Work request: In the copy, keep the lines from the first line of the material below through the line containing "Oude Pekela –" exactly as they are, and include no pictures.

Supplied data:
--*--
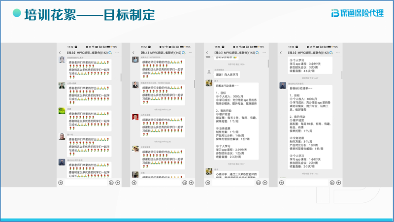培训结束也是行动的开始,参训伙伴纷纷在群内树立目标,要将保单托管工具在工作中实践,学以致用。只有不断充电输入,抓住公司提供的学习机会,才能跟上行业潮流。
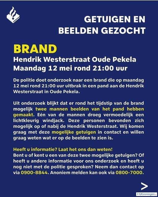 Oude Pekela – De politie zoekt getuigen van de brand aan de Hendrik Westerstraat bij
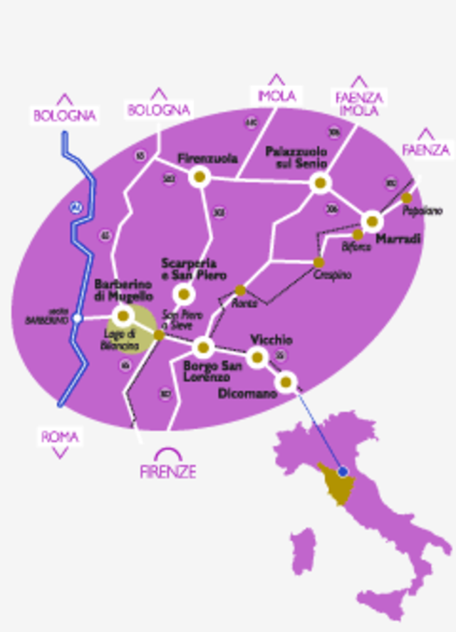 A few kilometres from Florence, among the rolling hills, the tall cypress trees, and against the background of mountain peaks and passes, stretches the territory of the Mugello. Silent waters, a delightful countryside friendly, peaceful and hard-working people, healthy food, the places of the Medici, the historical villas, all to be found just outside Florence. History, culture, high quality service in a renewed relation with nature these are the things the Mugello has to offer. Access by bus and by car to the various localities in the area is excellent. From the A1 motorway, there is the exit at Barberino di Mugello. There are several interesting secondary roads too. The fascinating old "Faentina" railway line takes the visitors into the Mugello area from the Romagna region departing from Faenza or from Tuscany departing from Florence. Local public transport is available for travelling in the localities.
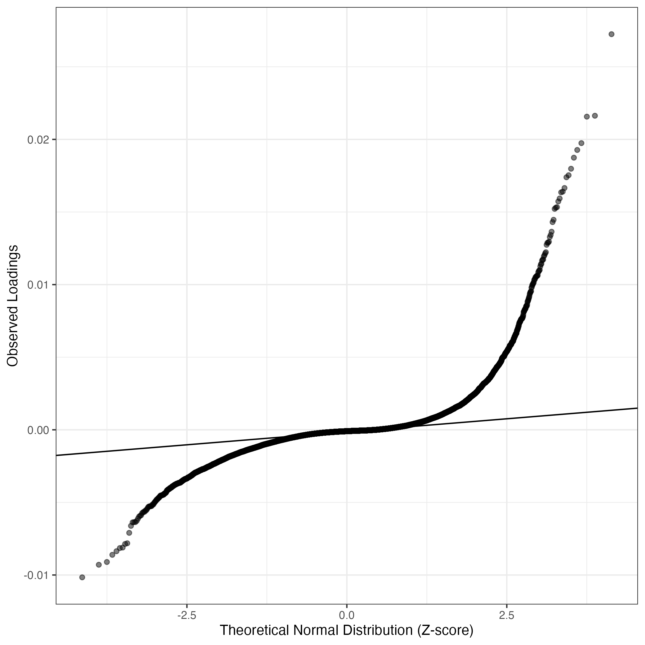 A similar QQ-plot as above, but only for instances where the H value is e.g. > 25, i.e. we are confident that the expression program is active above noise. Agreemenet between these binary vectors is tested using the Jaccard Index, with the P-values calculated by an exact test:
--*--
Solution to this task:
培训结束也是行动的开始,参训伙伴纷纷在群内树立目标,要将保单托管工具在工作中实践,学以致用。只有不断充电输入,抓住公司提供的学习机会,才能跟上行业潮流。
 Oude Pekela – De politie zoekt getuigen van de brand aan de Hendrik Westerstraat bij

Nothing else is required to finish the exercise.